A new season has emerged and Carvel now has to balance keeping both goalies as sharp as they were last season.
“We’re going to have to be smart about it, but it’s going to be on those two guys to still practice at a high level,” goalies coach Jared DeMichiel said. “They need to play well in practice and have it bleed over into the games.”
Entering the sixth and final week of practice before Friday’s season opener, both Lindberg and Murray have made the coaches’ decision that much harder with their play in practice. Neither one has willingly ceded an inch in the friendly competition between the pair, and both of them credit that to the presence of the other one.
“I couldn’t ask for anything else,” Murray said. “When you’re on the ice with someone who’s pushing you consistently, there’s only one way you’re going to go, and that’s up. There’s only one thing you’re going to do and that’s getting better. That’s the best case scenario that anybody could look at, especially for a team having two strong goalies, and then me personally having that competition keep pushing me day in and day out.”
Lindberg said knowing Murray’s work ethic has helped him stay motivated and focused this fall.
“I feel it’s a good thing knowing there’s a guy that works just as hard as I do,” Lindberg said. “It pushes me every day.”
Both goalies had eventful summers since last season ended with the 3-0 loss in the national championship game. Lindberg was drafted in the seventh round by the Minnesota Wild in June then attended the team’s annual developmental camp later that month. Meanwhile, Murray received an invitation to the Pittsburgh Penguins’ developmental camp that same weekend.
And while the competition has ramped up on the ice between the two with the opener looming, the friendship and respect between the goalies is still strong. Murray said it isn’t that much of a challenge to compartmentalize it all because of how well the two get along off the ice and fit into the overall team chemistry.
“We do a very good job separating our friendship from the competition,” Murray said. “Off the ice, we’re great friends and on the ice, we’re great friends. I think the world of Fille, but it just comes to at the end of the day, I want to play, I want to be that guy and I’m going to do what I can to be that person.”
The opening week of the season for UMass is a bit unorthodox thanks to some quirky Hockey East scheduling. The Minutemen only have one game this week – Friday at 7 p.m. against Rensselaer – before jumping straight into their first conference game next Tuesday at Northeastern. That means there isn’t the option for the Minutemen to do a casual split of a weekend series like they did for much of the beginning half of last year.
DeMichiel said whoever ends up starting for UMass on Friday and beyond will have benefited greatly from having the other competitor beside them the whole way. But it will also help the fourth-ranked Minutemen improve to have the goalies be that much better than they were last season.

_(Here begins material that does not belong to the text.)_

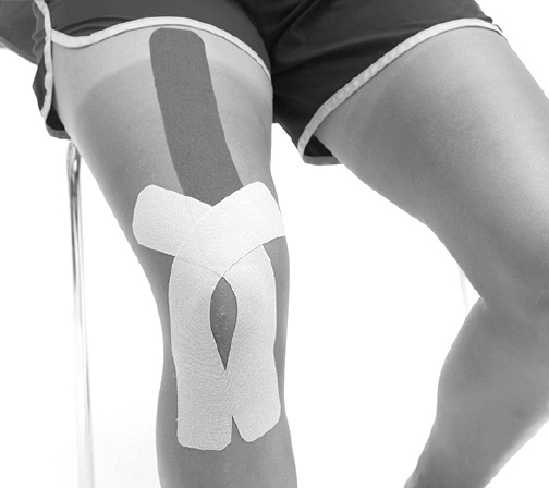 イスなどに座り、ヒザを曲げ前モモの筋肉を伸ばす。ヒザの皿上あたりからテープを上方向へと貼り付けていく。
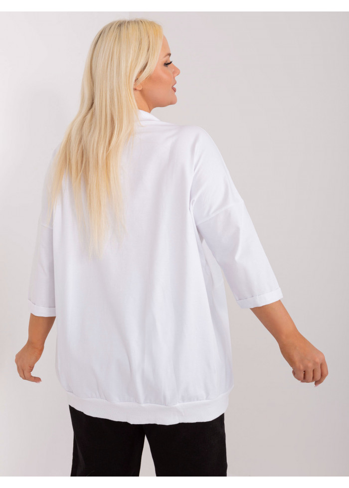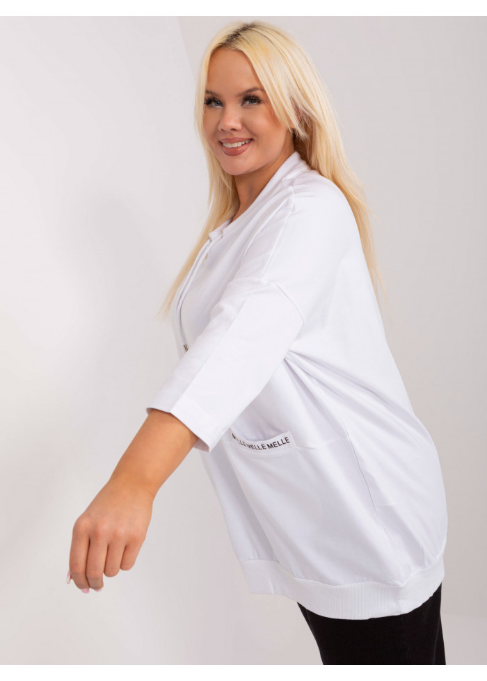 Bavlnené tričko s 3/4 rukávom, okrúhly výstrih, ozdobná šnúrka v dekolte, 2 vrecká, ozdobné nápisy, lém v spodnej časti, voľnejsí strih, univerzálna veľkosť, miery modelky: výška 172 cm, prsia 103 cm, pás 73 cm, boky 103 cm., rozmer produktu meraného na plocho:, šírka pod plecami: 76 cm, dĺžka rukáva: 43 cm, celková dĺžka: 77 cm.

“They probably don’t even know it, but I think it’s going to be the best thing for them,” DeMichiel said. “Seeing how much they’ve improved, not just physically but mentally, how they’re engaged to start practice. ... It makes our jobs as coaches more difficult when they’re both playing at an extremely high level, but for the team, it’s the best thing for us. We want to win hockey games, and if the goalies are stopping the puck, that usually leads to winning some hockey games.”